I'am struggling somewhat with understanding how the "frequency filter" node actually works. A preceding calculation of the "TF" node, for example, results in term frequencies per document. However, the "frequency filter" node filters terms and not terms per document if I understand correctly. So I am wondering how term frequencies are aggregated across documents before filtering. Is it the average value per term across documents?
The issue occured to me as I was trying to filter the, say, 1000 most frequent terms in my overall corpus. How can this be achieved?
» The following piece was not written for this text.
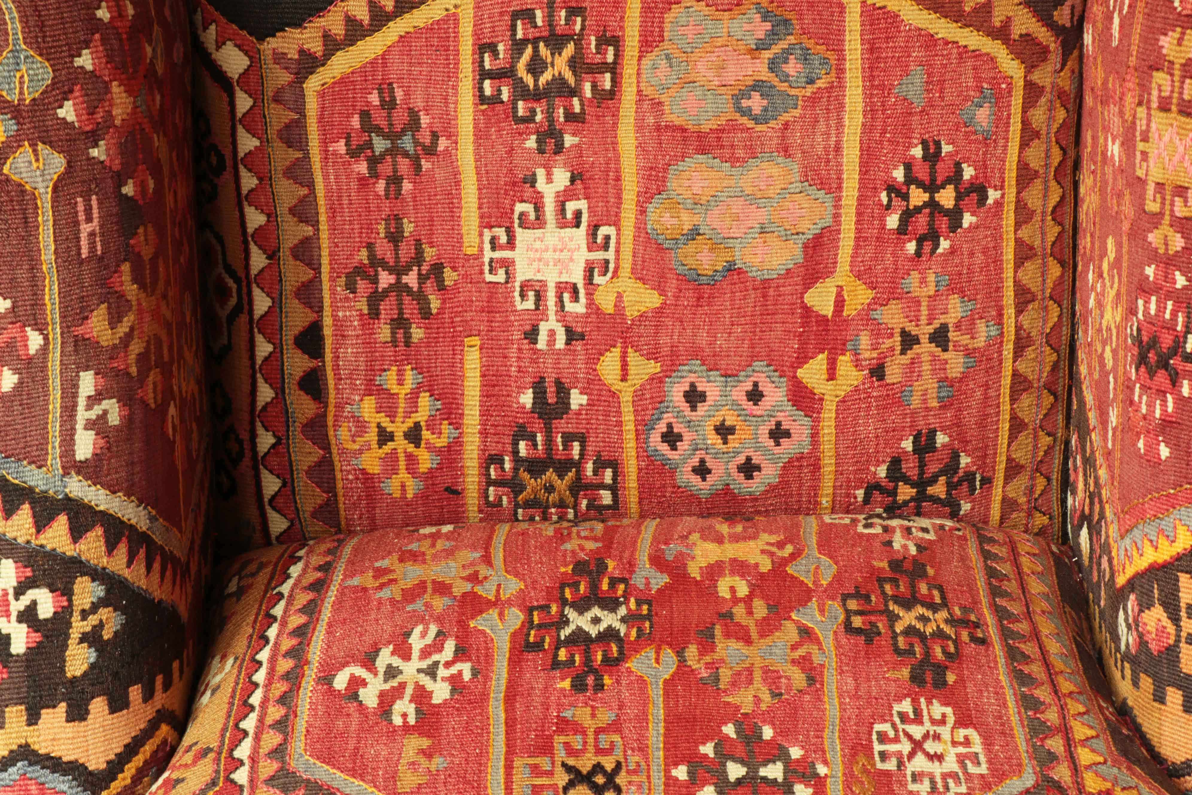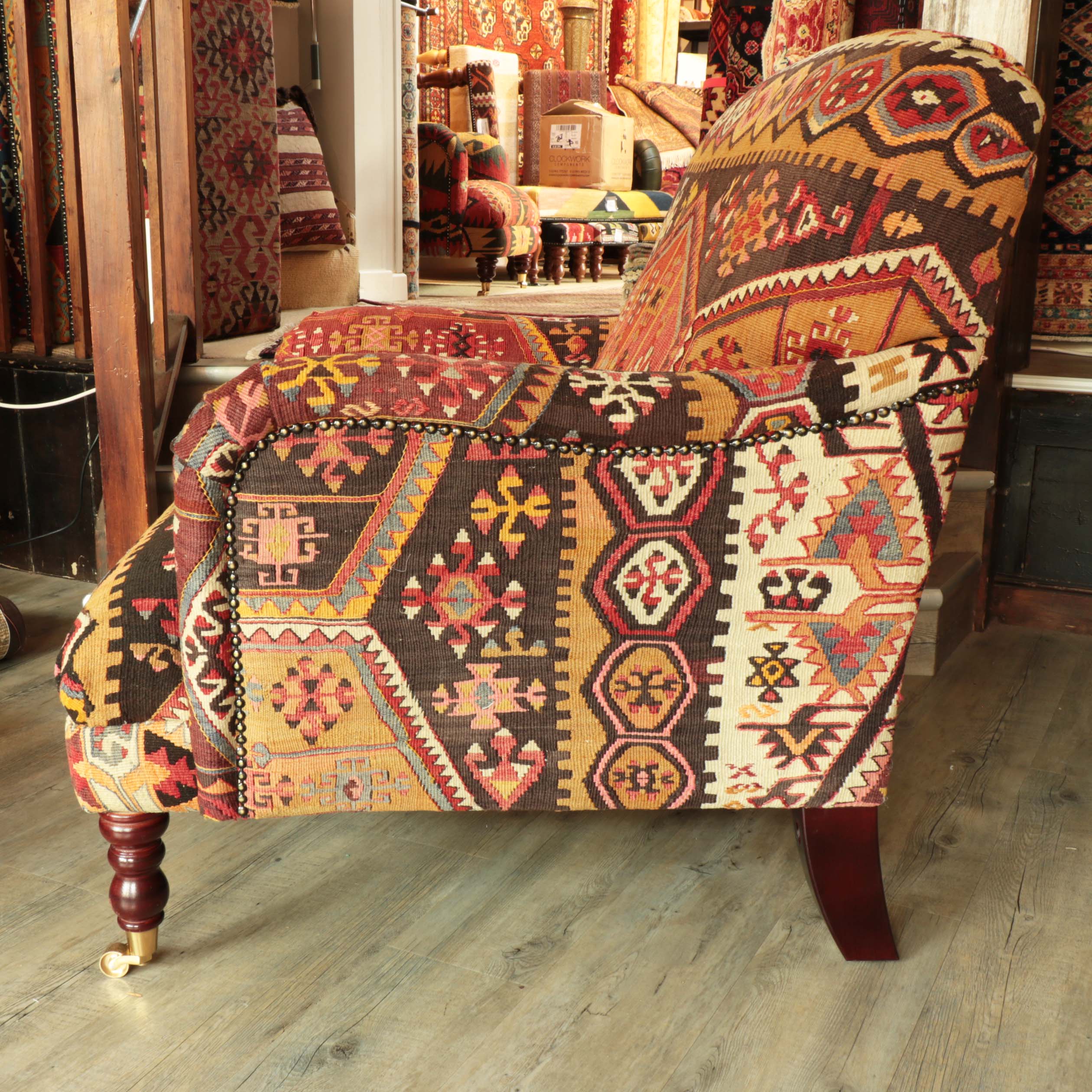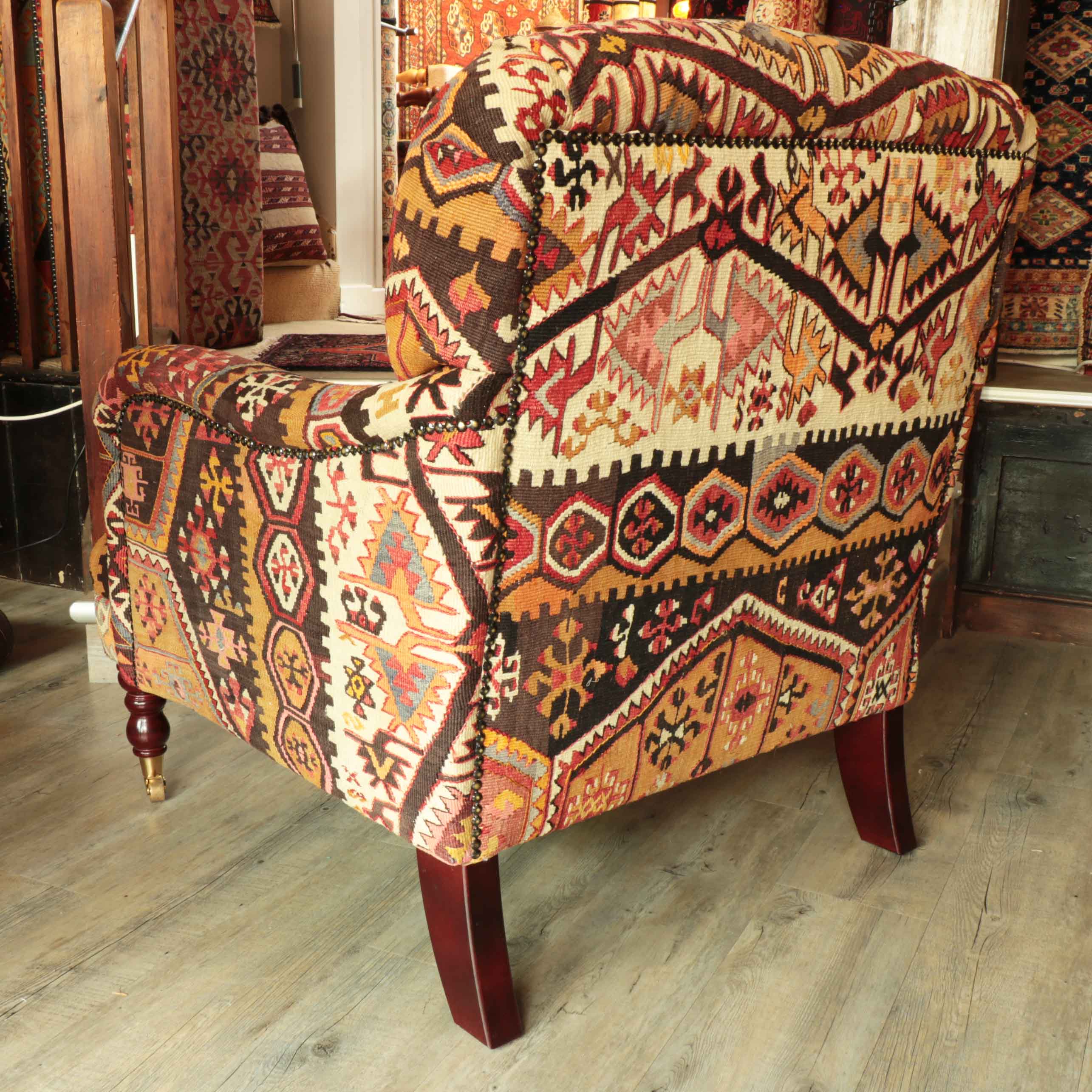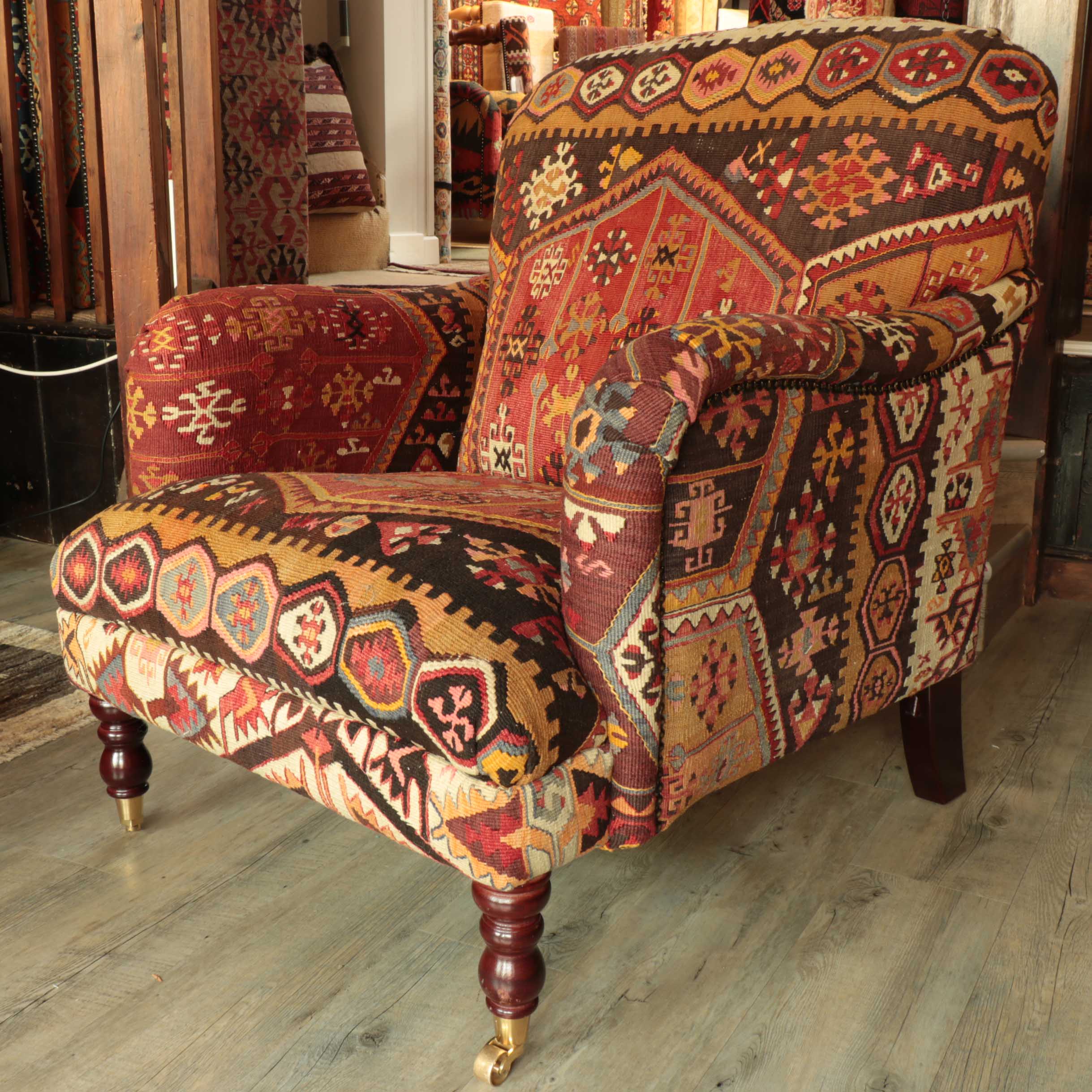 The Howard chair is a timeless, classic country house design. This chair has been covered in old Anatolian Kilim, which means it is colourful, comfortable and durable. Often, the colours in the old kilims have toned down, and the fabric has softened, making it more malleable for working. The Kilim is cut as sympathetically as possible, ensuring that the material is shown to the best advantage possible when planning the layout of the fabric on the chair. It is surprising how much Kilim is needed to cover a frame, and every bit is used up, with the leftovers being made into cushions and draught excluded.

I appreciate any pointers!
the frequencies are not aggregated during filtering by the "Frequency Filter" node. If the TF value of a term in a document is above the specified threshold, the term is not filtered, otherwise it is filtered. The filter works simply on the values of the specified frequency column. To aggregate frequencies of terms over documents, and thus compute corpus wide frequencies the "Group By" node can be used. Simply Group over the terms and aggregate the TF values, resulting in the TF values of terms of the complete corpus. After grouping, e.g. the "Sorter" node can be use to sort terms according to their aggregated TF values and then the "Row Filter" node can be used to extract the N top rows, representing the N most frequent terms in the corpus.
Btw.: Using the "Group By" node allows you to not only sum over the TF values, but also to compute Mean, Std. Dev., Min, Max etc. which might be useful as well.
This topic was automatically closed 90 days after the last reply. New replies are no longer allowed.